What is being asked: Please reproduce all entries word for word and omit their pictures.

Record set:

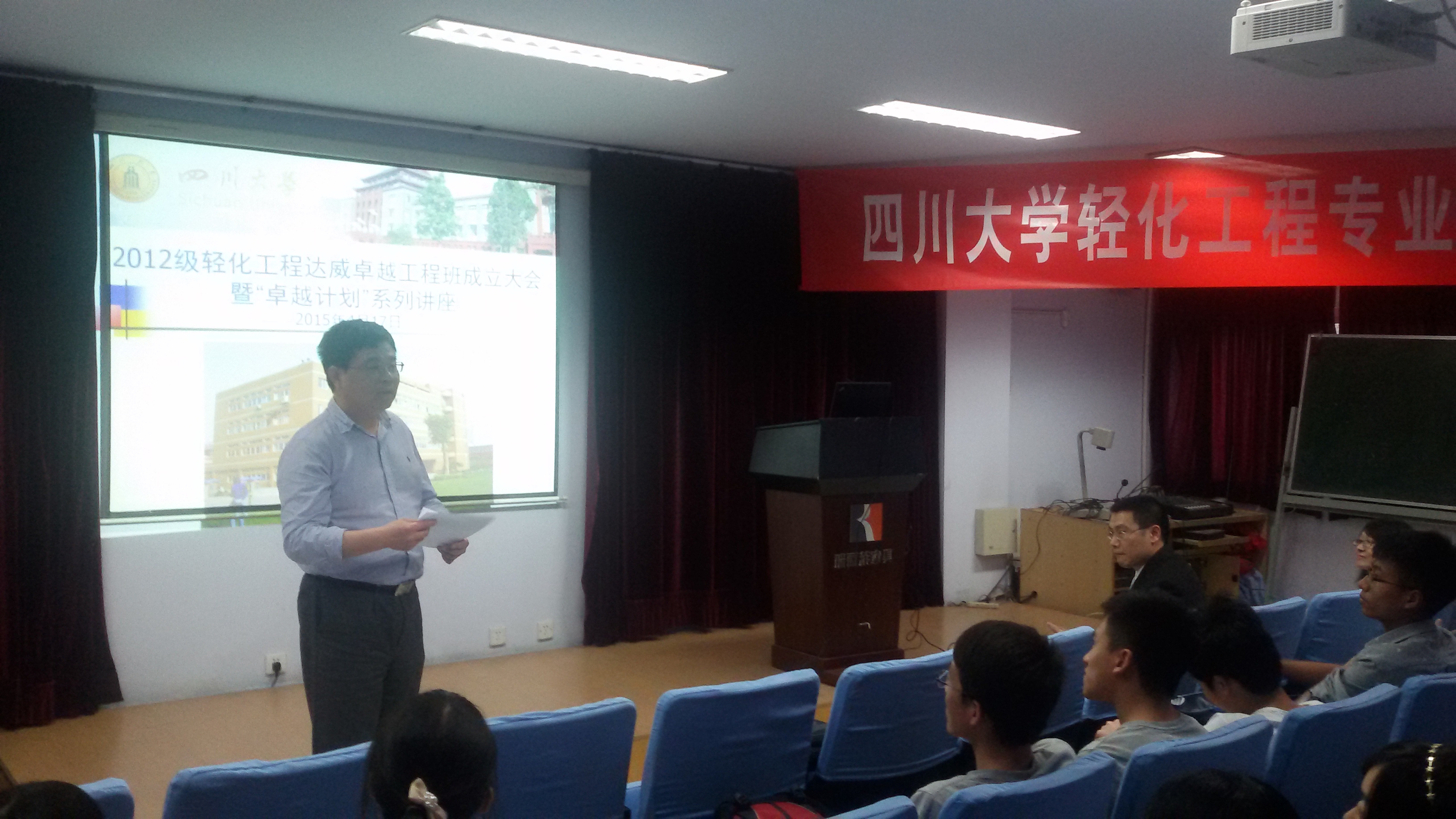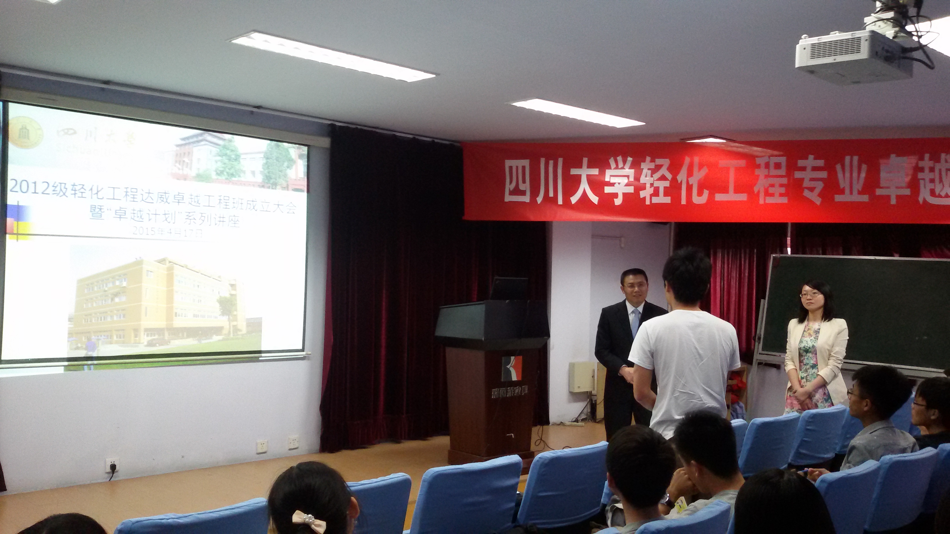 2015年4月17日下午,四川大学威廉williamhill体育生物质与皮革工程系“2012级轻化工程专业达威卓越工程师班”成立大会在四川大学皮革楼报告厅隆重举行.
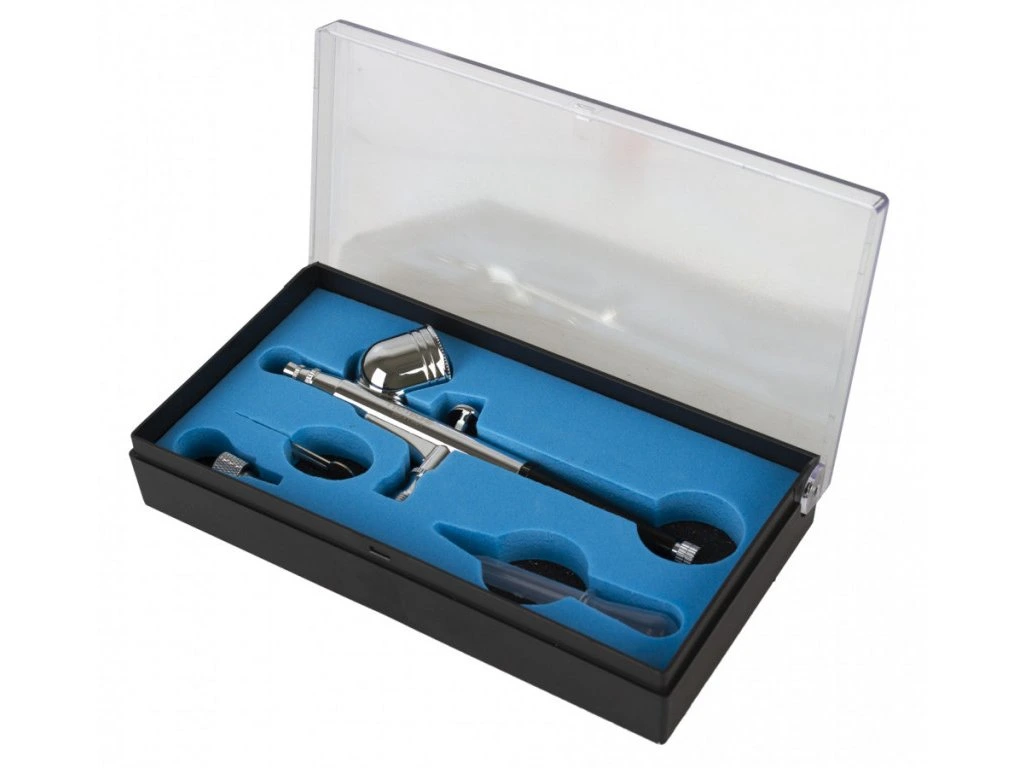 Stříkací airbrush pistole dvojčinná, se šroubovací tryskou 0,3 mm a šálkem na 7 ml laku, v plastové kazetě – Hoteche HTA831301
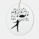 Dançarino que está sendo levantado afastado por notas do guarda-chuva e da música
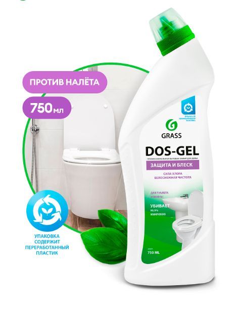 Дезинфицирующий чистящий гель Grass DOS GEL для туалета и ванной, 750 мл.
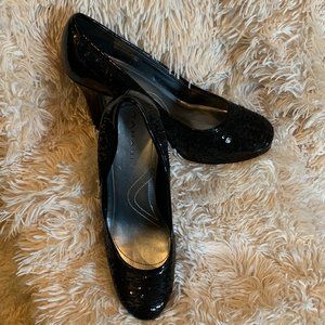 Gently Worn Tahari Cheryl Classy Black Sequined and Faux Patent Leather Heels. Women's Size 7 M. Heel 3.5 “ with a small platform. These heels feature a slightly padded sliver footbed and a rounded toe. Because they are very comfortable, they have been worn quite a few times but lovingly cared for. There are a few small indentations on the heel but are not noticeable unless you look at them close-up. They are the perfect shoe to go from the office to a night out. Message with questions.
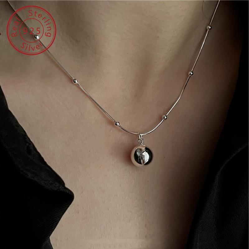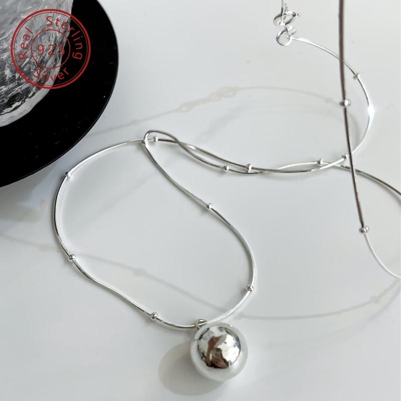 925 Sterling Silver Ball Snake Bone Necklace for Women

Completed exercise:
 2015年4月17日下午,四川大学威廉williamhill体育生物质与皮革工程系“2012级轻化工程专业达威卓越工程师班”成立大会在四川大学皮革楼报告厅隆重举行.
 Stříkací airbrush pistole dvojčinná, se šroubovací tryskou 0,3 mm a šálkem na 7 ml laku, v plastové kazetě – Hoteche HTA831301
 Dançarino que está sendo levantado afastado por notas do guarda-chuva e da música
 Дезинфицирующий чистящий гель Grass DOS GEL для туалета и ванной, 750 мл.
 Gently Worn Tahari Cheryl Classy Black Sequined and Faux Patent Leather Heels. Women's Size 7 M. Heel 3.5 “ with a small platform. These heels feature a slightly padded sliver footbed and a rounded toe. Because they are very comfortable, they have been worn quite a few times but lovingly cared for. There are a few small indentations on the heel but are not noticeable unless you look at them close-up. They are the perfect shoe to go from the office to a night out. Message with questions.
 925 Sterling Silver Ball Snake Bone Necklace for Women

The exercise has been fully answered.